# Labor Day Week



## New River Rat (Sep 18, 2018)

Had a few close friends and like-minded yahoos spend a week with me chasing bronzebacks on the New in VA. Lots of fish up to 18" were caught, but this was the star of the week. My friend pictured here is a true river rat and for him to catch his personal best on my watch.....PRICELESS!


An honest 22" smallmouth.


----------



## overboard (Sep 18, 2018)

Definitely a nice small mouth! =D>


----------



## onthewater102 (Sep 18, 2018)

Fantastic!


----------



## handyandy (Sep 19, 2018)

Awesome fish there, did he submit for a VA citation fish? One of the times the Army had me in Fort Lee I was close to a citation smallie, caught one that went just over 19". The new is an awesome river some beautiful scenery and some good smallies in it.


----------



## New River Rat (Sep 19, 2018)

handyandy said:


> Awesome fish there, did he submit for a VA citation fish?
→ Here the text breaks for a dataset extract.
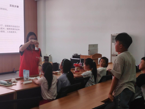 随后开展的“《有趣的盐》”科普实验,通过“消失的盐”溶解实验、“鸡蛋浮起来”等趣味小实验,让孩子们在动手操作中学习溶解、浮力等科学原理,感受生活中的科学奥秘。

Nah, we don't do that much anymore, since the VDGIF started charging for them. They don't realize how we skewed the citation numbers are in VA. I caught 17 20"ers in six months in 2001.


----------



## handyandy (Sep 20, 2018)

didn't know they charged for them, when I've been there I've managed some nice smallies, but never quiet had one go 20". I was usually fishing a james or another little river that was real close to fort lee. I tried the new river the first time on my way back home from fort lee this past summer that I messaged you about. I'll have to make my way to the new again. Awesome smallie there I wasn't that lucky on my last trip out that way. Just saw this article today the length in inches is only just over 21" so if documented correctly your friend could have had the record lol. I had no idea there was a record for longest catch and release smallmouth. Who knew? I just came by the article going on wired2fish to put in for their give aways. 

https://scout.com/outdoors/bass-fishing/LongFormArticle/Record-Catch-and-Release-Smallmouth-Caught-122166629/#122166629_1


----------